Endlich ist es so weit – die ersten Sonnenstrahlen des Jahres läuten den Frühling und damit auch die Balkonsaison ein. Seit ich eine Mietwohnung mit großem Balkon bezogen habe, will ich diesen auch voll ausnutzen. Von Begrünung über Dekoration bis hin zu Grillpartys mit Freunden – auf meinen Balkon kommen lebhafte Wochen und Monate zu. Seit ich aber im letzten Jahr ein unerfreuliches Erlebnis hatte, bei dem es zu einem unglücklichen Zusammentreffen zwischen einem meiner Blumenkästen und dem Auto der Nachbarn kam, weiß ich eins: Für den unbeschwerten Balkongenuss ist etwas noch wichtiger als ein grüner Daumen und ein Händchen für Gestaltung – und zwar eine gute Haftpflichtversicherung. Diese springt in einer ganzen Reihe von Situationen ein, in denen es auf und mit dem Balkon zu Problemen kommen könnte.

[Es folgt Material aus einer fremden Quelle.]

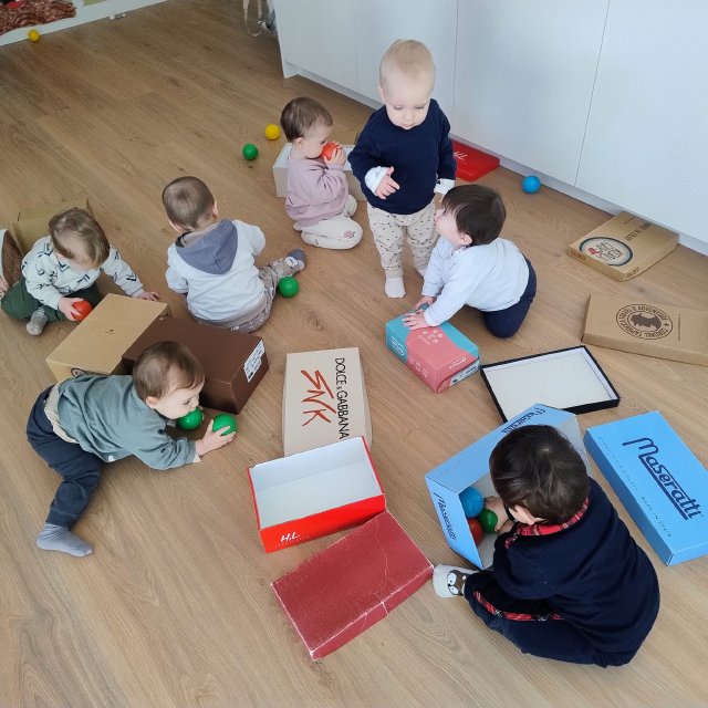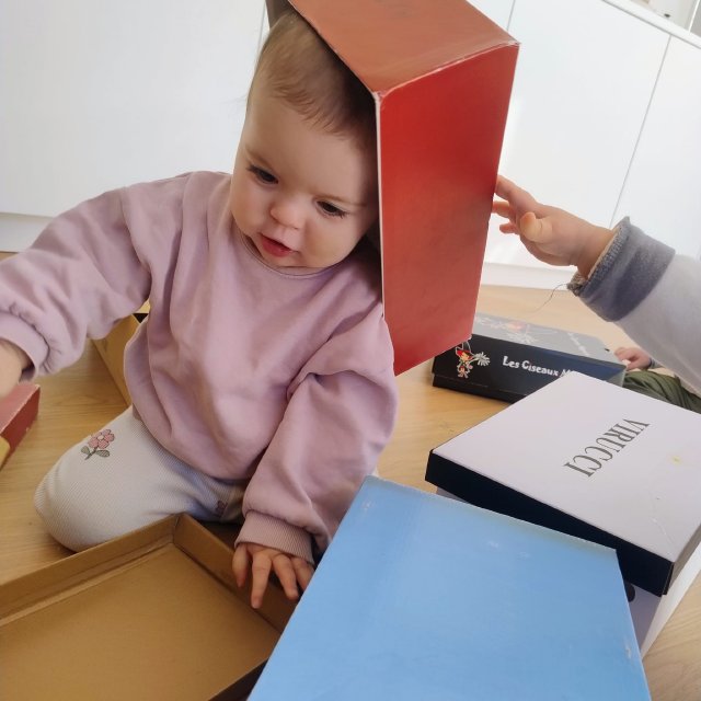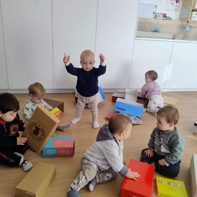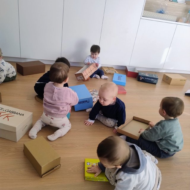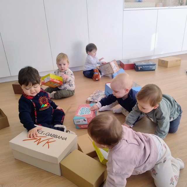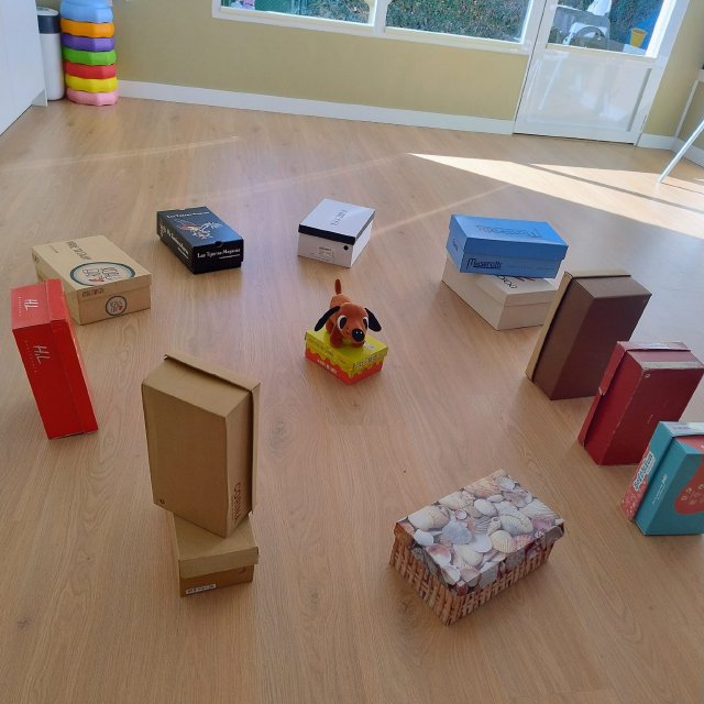 A través de cajas de cartón de distintos tamaños, los bebés han podido explorar libremente, tocar, entrar y salir, esconderse, empujar y descubrir. Para ellos, una caja no es solo una caja: puede convertirse en un refugio, un coche, un escondite o simplemente en un nuevo elemento que despierta su curiosidad.

Hindernisse auf dem Weg zum frühlingsfertigen Balkon

Über die langen Wintermonate wird kaum ein Balkon viel genutzt. Dementsprechend ungastlich sehen die meisten im Frühjahr schließlich auch aus. Gut, dass zu dieser Zeit oft ein Frühjahrsputz ansteht, denn diesen kann man direkt auf den Balkon ausweiten und das Projekt „Balkon für den Sommer auf Vordermann bringen“ mit einer Grundreinigung beginnen. Wer es dabei zu gut meint und den meist gefliesten Boden des Balkons seiner Mietwohnung mit ungeeigneten Putzmitteln säubert, steht schon dem ersten Haftpflichtfall gegenüber. Sofern die Haftpflichtversicherung Mietsachschäden abdeckt, sollte sie für beschädigte Fugen und kaputte Fliesen aufkommen.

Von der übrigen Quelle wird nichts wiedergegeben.